Thursday, April 17, 2008

I and the Bird #73

New edition of I and the Bird available at A Snail's Eye View!

Saturday, April 12, 2008

Interview with Steven Valleau, Bird Carver

Steven Valleau has got it made. He's a master wood-carver, and he gets to pursue his passion of bird carving as the Carver-In-Residence at the Wendell Gilley Museum. He get to share his skill with the local population. Finally, and perhaps best of all, he gets to spend a lot of time in Southwest Harbor, Maine.

Last week I spoke to the Executive Director and Curator of the Wendell Gilley Museum, Nina Gormley, about the history and current state of bird carving. This week I talked with Steven Valleau about the finer points of carving birds: what birds make good subjects, how to choose your tools and, yes, his driveway.

What drew you to carving birds over other subjects?

SV: I started making bird images in the form of colored pencil drawings when I was about 10 years old. That’s forty years ago now. I had always been interested in drawing since I could hold a pencil. My father Dr. William G. Valleau was a Zoology professor at the University of Maine so I had access to pictures and information about animal life. The first big piece that I remember was a huge piece of paper covered with dinosaurs probably done in pencil and crayon.

As we now know my drawings and the actual beasts evolved into birds. I really began focusing on birds when my uncle Jack Hartleb who was stationed at Dow Air Force Base in Bangor began taking me birding during his weekends off in about 1967. It seems funny now but much of the time we just drove around in his big old barge of an Oldsmobile and would look and occasionally listen for birds. We often drove through the Bangor (Caribou) bog, drove by the Bangor Pool in the Penobscot checking for ducks and eagles. Once someone got credit for a flock of golden Plover at a farm pond that was where Home Depot is now that my Uncle was the first to spot.

I could elaborate on birding in the Bangor area in the late sixties but I’ll spare you. During the years he was in Bangor before being shipped out along with all the B52s to Thailand my uncle Jack and my father started to carve some duck decoys. My father had a student, Don Mares who had some success with a Black Duck decoy at the Sports Show competition at the Bangor Auditorium so they started some duck heads that never got bodies. So my first bird carving is a Black duck body with a head that my uncle carved. I never got his permission to do that. A bit late now.

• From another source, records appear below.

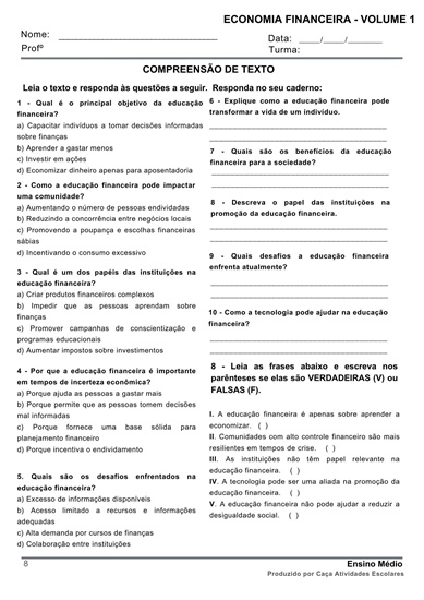 Esta apostila conta com 13 temas relacionados a Eletiva de EDUCAÇÃO FINANCEIRA para o Ensino Médio.
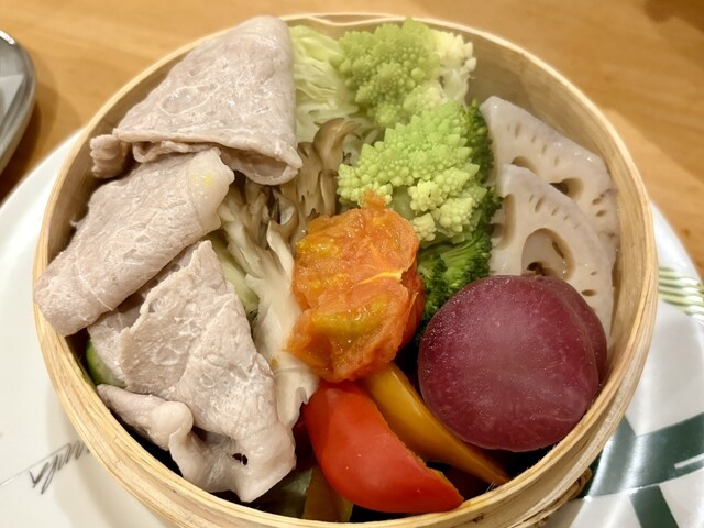 メニューは少し変わっていて、1番食べたかった軽井沢野菜のバーニャカウダがなく、新しく野菜のせいろ蒸しバーニャカウダソースを注文。
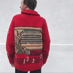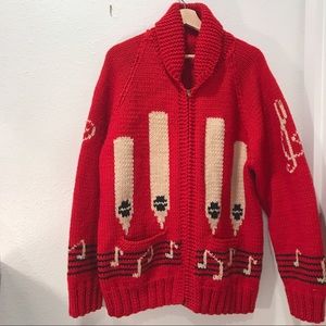 Music-themed red knit oversized sweater. Handmade / no tags. Features treble cleft designs on arms, music notes on bar, and organ on bag. Bust: 44” Length: 28” Sleeve: 30”. 9/10 vintage condition.
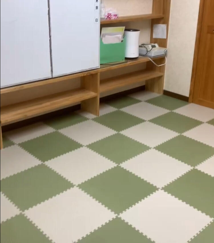 ジョイントクッションなので小さいお子様やキッズルーム、介護施設などで使用されていて、 安全なうえ汚れた場合もお掃除しやすくなっています。
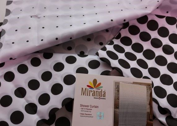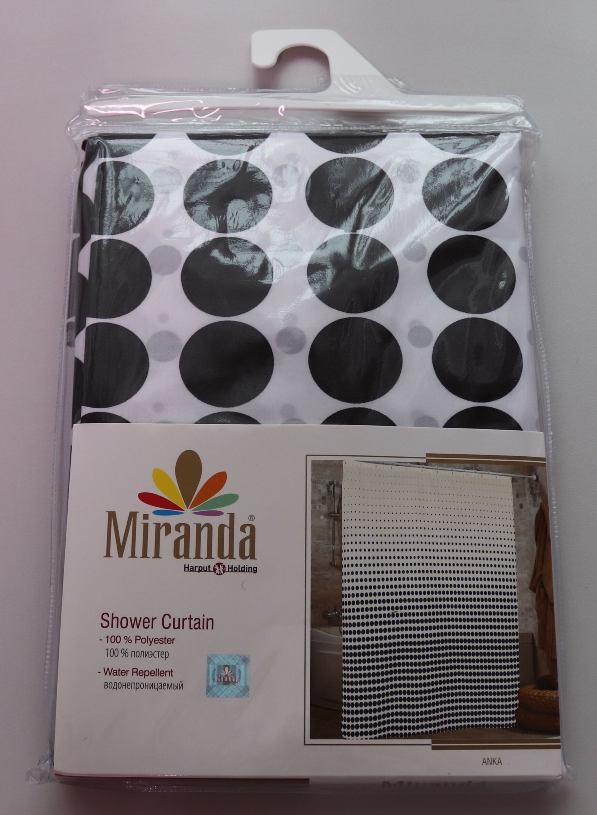 Штора для ванної та душа Miranda виробництва Туреччини. Склад 100% поліестер (тканина з водовідштовхувальним просоченням). Відмінна якість, не втрачає свого первісного вигляду навіть після багаторазового прання. Отвори під кільця оброблені пластиком. Кілець в комплекті немає, їх можна придбати додатково.
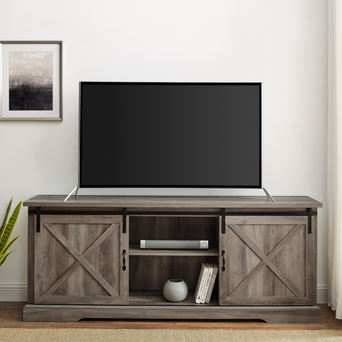 . Hideaway your books remotes DVDs and more behind the side cabinet. Add a modern farmhouse style to your space with this 70-inch Walker Edison TV stand console. 70 sliding barn door tv stand modern farmhouse large storage cabinet console for TVs up to 80 inches.
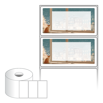 출력용 롤타입 스티커 디자인 라벨지, 규격코드: RS10052, 디자인코드: DA1493(따뜻한 방안이 좋다냥~), 100 x 52.033 (mm) , 지관: 40mm
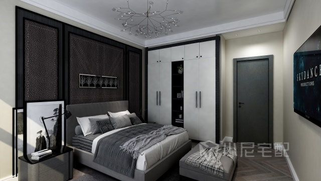 頂面采用規(guī)則的石膏板吊燈和筒燈,床頭背景都運(yùn)用了壁紙等材料。從而營(yíng)造一個(gè)現(xiàn)代化的簡(jiǎn)單,舒適主臥空間??团P的設(shè)計(jì),主要以乳膠漆,壁紙,石膏線條為只要裝飾材料。
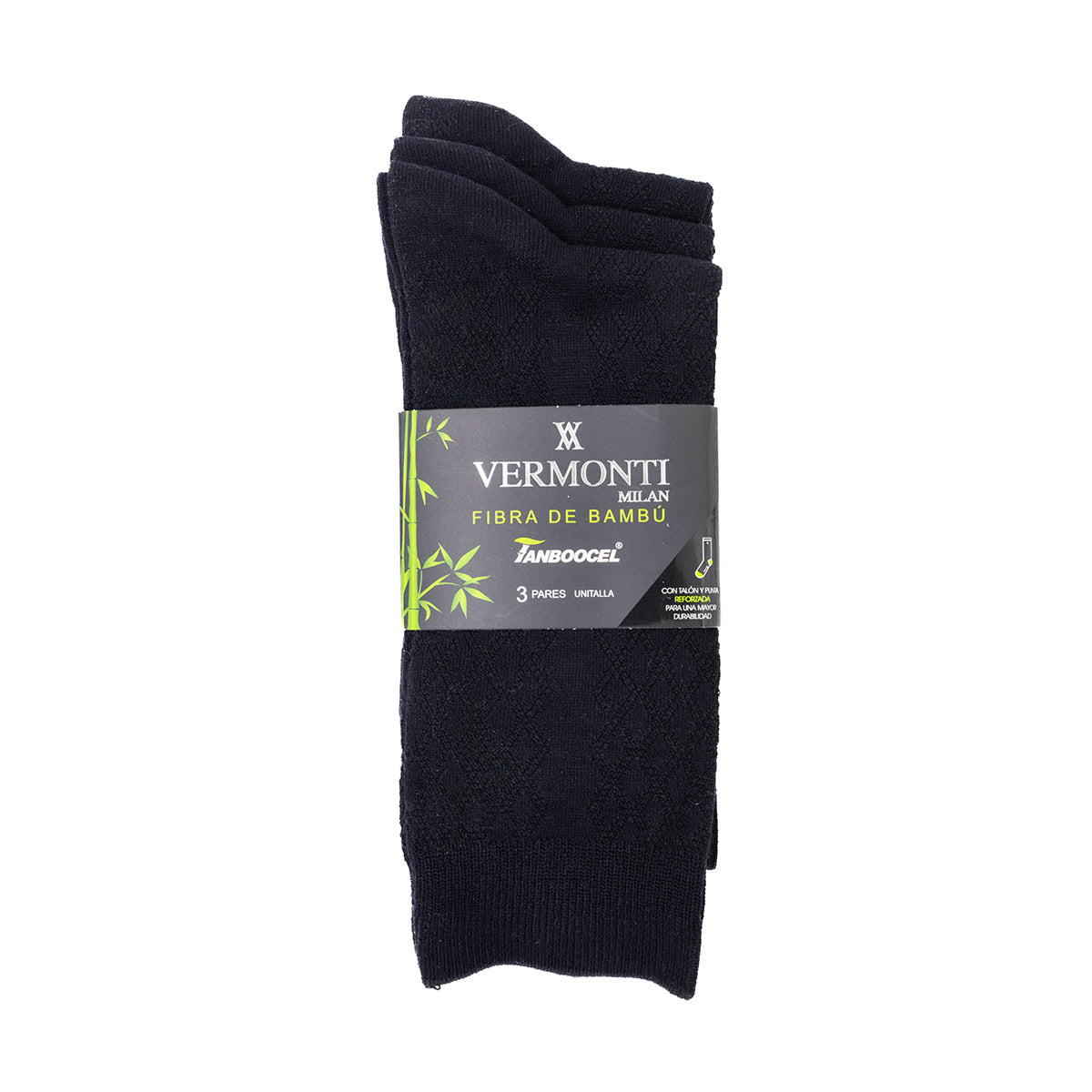 Set de 3 pares de calcetines largos de fibra de bambú en diseño liso.
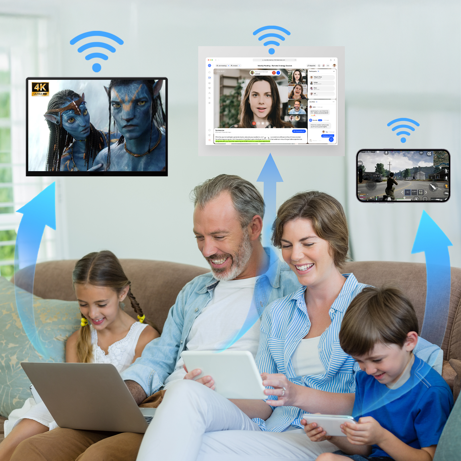 The powerful bandwidth and stable signal ensure every device gets the best possible connection. Even when the whole family is simultaneously streaming HD video, playing online games, or downloading large files, your network stays fast and smooth, completely eliminating network congestion.

From my conversation with Nina Gormley, it seems that your development mirrored the general development of bird carving: duck decoys into artistic pieces. How long did it take for you to start carving other species?

SV: Those initial carvings of duck heads for the most part were very crude. My Uncle Jack’s black duck head was quite good which is why I procured it but the ones I did were pretty bad. At first my only tool was a 3 inch diameter sanding drum on a drill press and the wood was just 2x4 ends left over from my parents’ new house. It was probably around 1970, when I was old enough to cut blanks out on the band saw, that I started carving owls, wrens and chickadees. The first non duck I carved was a saw whet owl.

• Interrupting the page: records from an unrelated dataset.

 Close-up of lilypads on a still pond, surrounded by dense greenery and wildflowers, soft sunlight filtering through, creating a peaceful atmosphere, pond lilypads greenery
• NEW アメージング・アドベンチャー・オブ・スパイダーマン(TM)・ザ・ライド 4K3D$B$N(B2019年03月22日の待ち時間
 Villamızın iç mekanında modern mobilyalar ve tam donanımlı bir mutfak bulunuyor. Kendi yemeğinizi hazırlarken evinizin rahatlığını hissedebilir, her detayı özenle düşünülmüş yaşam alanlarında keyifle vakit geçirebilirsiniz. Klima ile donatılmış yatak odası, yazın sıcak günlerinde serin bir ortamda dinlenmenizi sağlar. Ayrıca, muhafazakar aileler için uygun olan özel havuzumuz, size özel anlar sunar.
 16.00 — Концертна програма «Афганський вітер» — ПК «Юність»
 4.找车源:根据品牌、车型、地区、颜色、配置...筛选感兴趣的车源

Along with a change in tools my uncle and father found out that Basswood was the wood you wanted for carving birds. The construction lumber that we had been using was just about the worst wood for ease of carving. One nice thing about carving decoys is that the challenge of making feet is avoided. I tried many methods of making metal feet including casting them in lead and using twisted wire. Making a carving with legs is of course the only way give full expression to a representation of a bird. At this point I spend at least as much consideration if not time on the habitat that grounds the bird as on the bird itself. Carving a decoy is like a vacation from work.

So do the idea for your carvings start from the habitat up or start from a particular species and work down?

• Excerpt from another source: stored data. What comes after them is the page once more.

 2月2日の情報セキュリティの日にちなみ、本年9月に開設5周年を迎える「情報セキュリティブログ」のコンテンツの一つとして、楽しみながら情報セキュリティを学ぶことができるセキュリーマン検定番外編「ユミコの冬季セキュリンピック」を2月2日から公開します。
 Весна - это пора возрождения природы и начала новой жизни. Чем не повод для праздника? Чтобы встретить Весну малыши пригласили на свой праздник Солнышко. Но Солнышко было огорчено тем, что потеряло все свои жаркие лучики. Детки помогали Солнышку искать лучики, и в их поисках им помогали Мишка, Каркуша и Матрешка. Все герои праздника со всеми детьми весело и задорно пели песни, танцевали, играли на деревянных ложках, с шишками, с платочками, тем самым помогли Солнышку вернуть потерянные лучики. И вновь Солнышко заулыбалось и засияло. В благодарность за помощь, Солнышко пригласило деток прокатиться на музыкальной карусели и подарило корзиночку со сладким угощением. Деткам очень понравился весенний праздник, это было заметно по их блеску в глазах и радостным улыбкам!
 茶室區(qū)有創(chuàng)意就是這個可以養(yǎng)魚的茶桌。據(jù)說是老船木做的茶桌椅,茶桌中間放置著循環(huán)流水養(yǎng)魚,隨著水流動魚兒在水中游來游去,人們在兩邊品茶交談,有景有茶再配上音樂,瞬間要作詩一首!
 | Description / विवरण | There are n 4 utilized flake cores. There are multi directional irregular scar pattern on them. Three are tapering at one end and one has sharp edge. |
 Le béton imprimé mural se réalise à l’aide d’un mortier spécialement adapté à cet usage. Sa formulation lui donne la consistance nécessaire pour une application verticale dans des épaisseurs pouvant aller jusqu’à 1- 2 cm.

SV: We start from a particular species although for a particular bird blank the perch has to be reflected in the design of the individual bird because it's body has to actually perch on the base. One leg may have to be forward of the other or the body may have to be tilted for the bird's center of gravity to located where it would be in a natural pose. So we start by choosing a species to carve and assembling as much reference material as we can get our hands on. I maintain a couple photos files, one for myself, one for the museum, which consists largely of photos from magazines but also postcards, cards, newspaper clippings and photo prints.

Wendell Gilley also did this as well as making his own taxidermy collection of bird mounts. Over the course of fifty years Wendell Gilley put together a collection of most North American ducks and owls and many other bird groups. We still use this collection at the museum. I teach bird carving classes and I would say the biggest downfall in my students involves not looking at reference material. How can you carve something without knowing what it looks like? I suppose a person has to learn how to interpret photos. A given photo may not be of a bird in the desired pose but it may show an actual crease between feather groups that in a head on shot only looked like a difference in feather coloring.

When I design a bird if I don't have a particular habitat or bird in mind I at least know that the landing place can accommodate the bird or birds I've designed . The habitat has to be big enough for a flock if that's what's called for. That's why I sometimes make models before committing to a design to be put into wood. I can 'sketch' out a bird very quickly in floral foam and get a rough idea of whether it will physically fit on a branch or if really looks the way I imagined or if it can look better in some other place.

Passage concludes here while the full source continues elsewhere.